Two years after
3/6/2018 (Permalink)
If disaster strikes, will you still be in business a year from now? According to FEMA 40% of businesses never reopen after a major disaster, and only 29% will still be open two years later. They go on to say that if the technology is down for nine days the business will likely be bankrupt within a year. By having a comprehensive disaster plan, the odds of survival are much greater. All of these factors need to be considered when formulating your disaster plan:
- Natural Hazards
- Human-Caused Hazards
- Technology-Related Hazards
- Health Hazards
- Identify the Risks
- Develop a Plan
- Take Action
Every business has risks, but they are not all the same. Plans need to be tailored to the specific location and type of business. SERVPRO has developed the Ready Plan. It is a great asset to add to the emergency plan.

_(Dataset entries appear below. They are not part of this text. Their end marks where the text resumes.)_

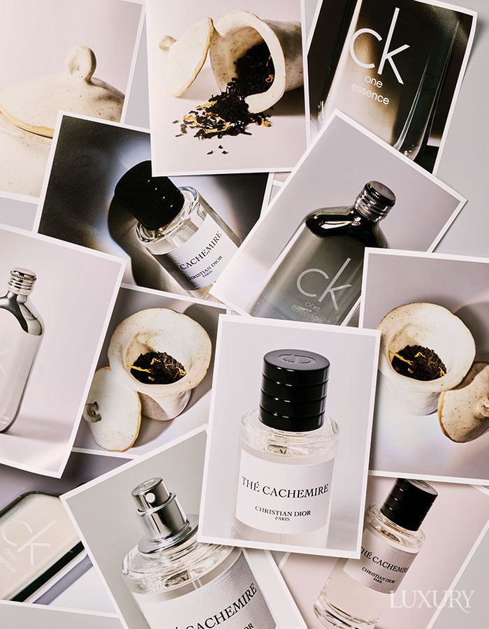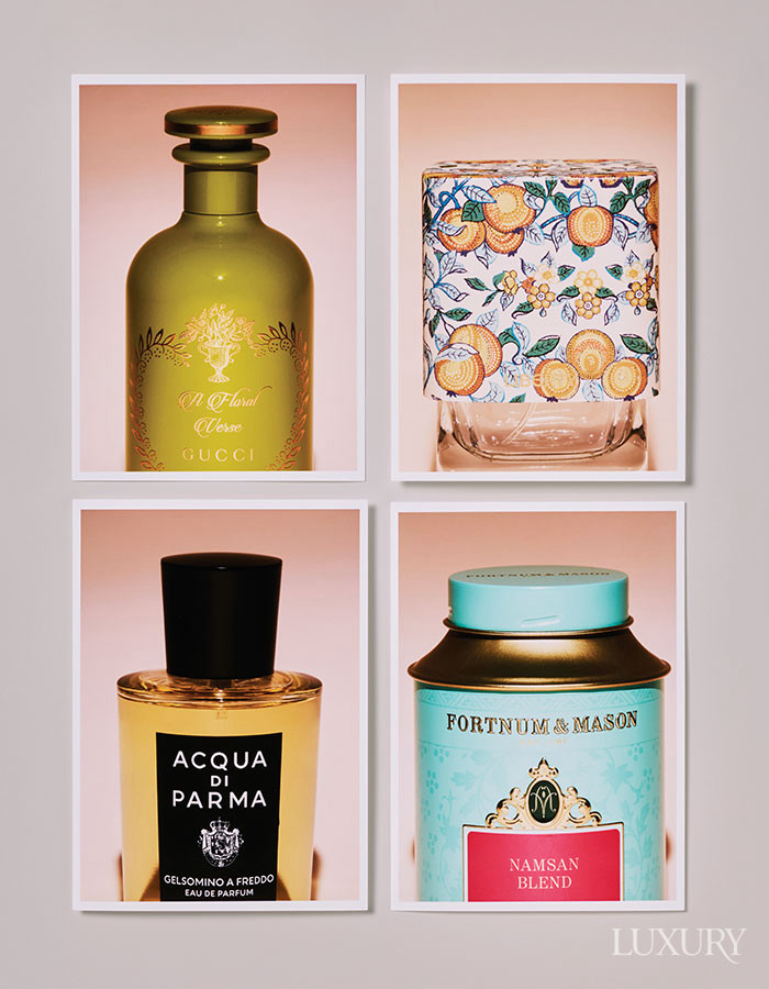 왼쪽 상단부터 시계방향으로 인도 재스민 삼박과 스리랑카 홍차를 매혹적으로 조합한 ‘플로럴 벌스’ 100ml는 구찌 뷰티. 영국 전통 차 문화에서 영감을 받아 시트러스 얼그레이 티의 향조를 완성한 ‘리버티 메이즈 EDP’ 100ml는 LBTY. 세컨드 플러시 다르질링에 장미꽃을 블렌딩한 홍차 ‘남산 블렌드’는 포트넘 앤 메이슨. 섬세한 재스민과 스모키한 블랙 티가 어우러지는 ‘젤소미노 아 프레도 오 드 퍼퓸’ 100ml는 아쿠아 디 파르마.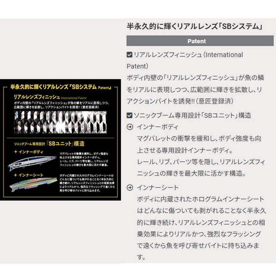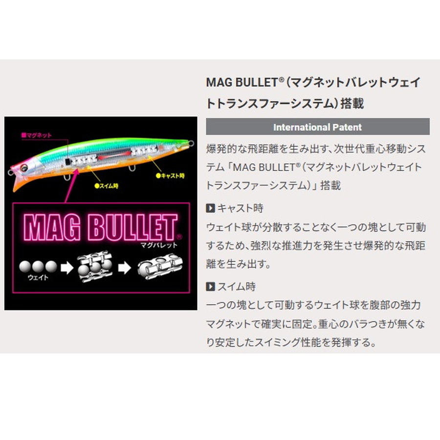 爆発的飛距離+レンズの閃光!(International Patent)遥か彼方のターゲットを狙い撃つ!!ランカー専用ウェイクベイト●爆発的な飛距離を生み出す次世代重心移動システム【マグバレットInternational Patent】搭載●ボディ強度の確保とリアルレンズフィニッシュの輝きを最大限生かす【SBユニットPatent】構造●リトリーブスピードとラインの角度調整で水面直下から50cm までを自在に操れるビッグウェイクミノー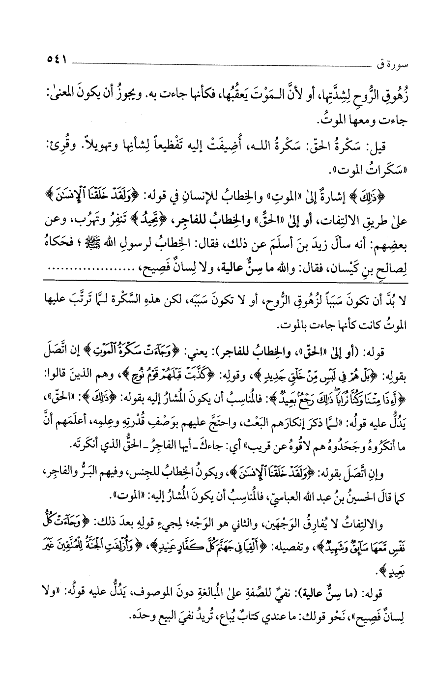 وإن اتصل بقوله: {ولَقَدْ خَلَقْنَا الإنسَانَ}، ويكون الخطاب للجنس، وفيهم البر والفاجر، كما قال الحسين بن عبد الله العباسي، فالمناسب أن يكون المشار إليه: "الموت".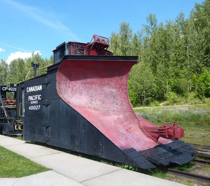If the snow on the tracks is deeper than a foot or two, railways will often bring in their classic wedge plows such as the plow in the picture at the above right which is part of the collection at the Revelstoke Railway Museum. In the video below by Walter Pfefferle, we find the OSR using their GP7 #378 and RS23a #503 and a plow borrowed from CP. They used this train yesterday on December 17th, 2010 to to plow the railway from Ingersoll to St Thomas.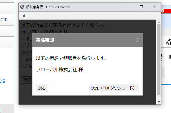 - 領収書発行日:領収書発行ボタンを押した日付となります
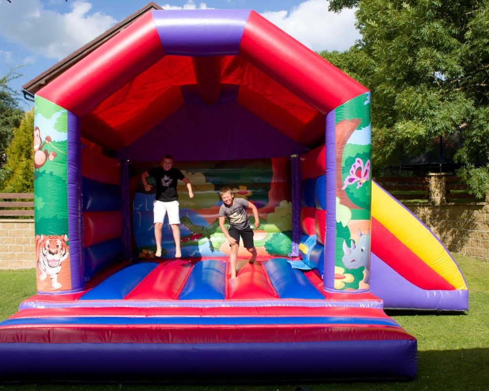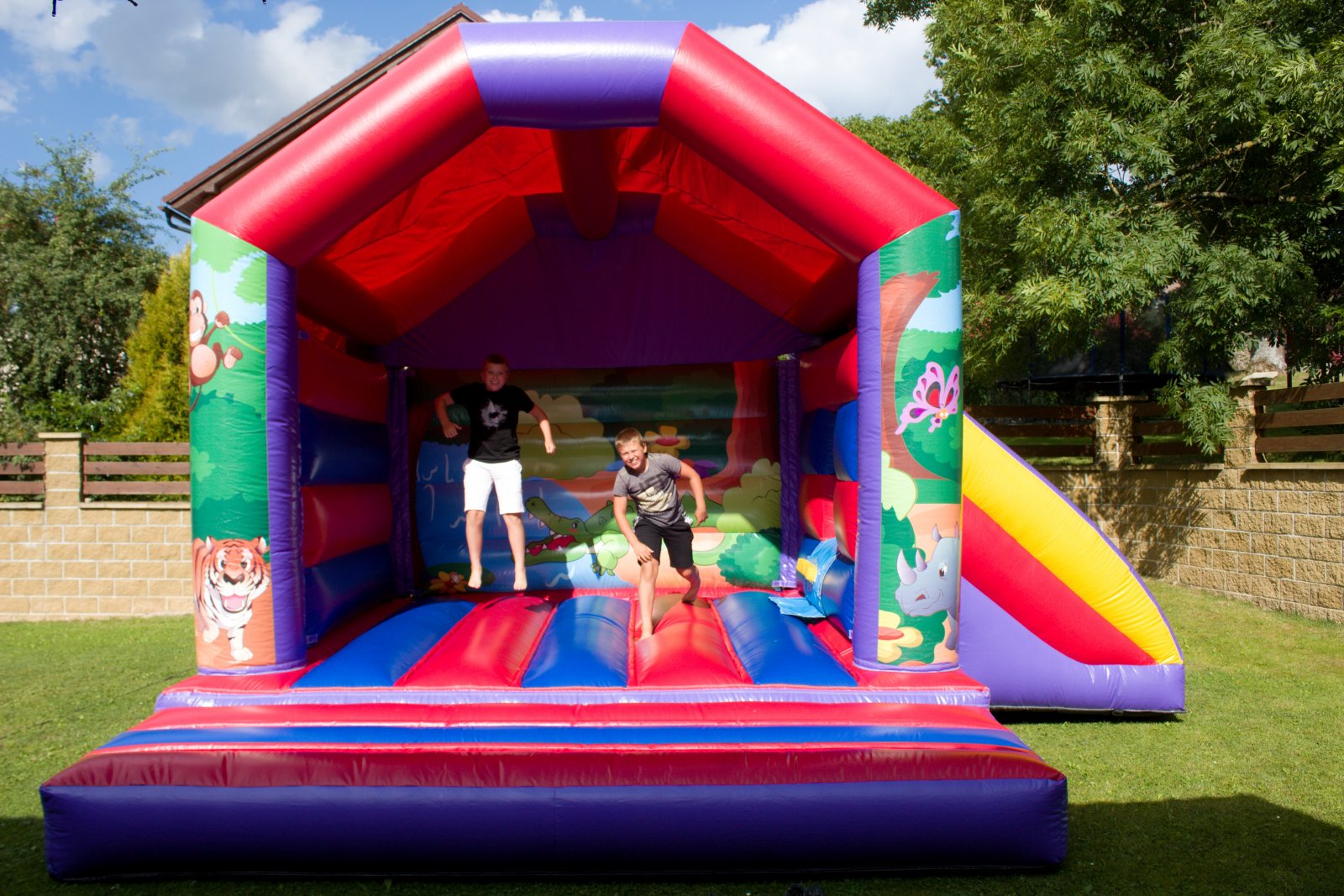 Skákací hrad je vyroben z pevných, kvalitních a odolných materiálů. Je široký 496 cm, dlouhý 642 cm a vysoký 380 cm. K hradu dostanete relativně tichý ventilátor, takže ho můžete použít i uvnitř.

Taking action could be the only thing preventing a bankruptcy. However, after a plan has been put in place, it needs to work! PRACTICE it and work out the bugs. I participated in an evacuation drill for a care facility unrelated to Community Action Resource Enterprise, Inc... On paper it was flawless, but in reality it was deadly. Turned out the hospital beds were too big to maneuver though the evacuation route. In discussing the ideas for this month’s Tip of the Month with Erin Skaar, the Executive Director of Community Action Resource Enterprise, Inc., she suggested using high school students as stand-ins for residents for care center drills. I thought this was a great idea. Finally, plans need to be effective. I remember hiding under my school desk during the Air Raid drills. I’m still not sure that was a particularly effective plan.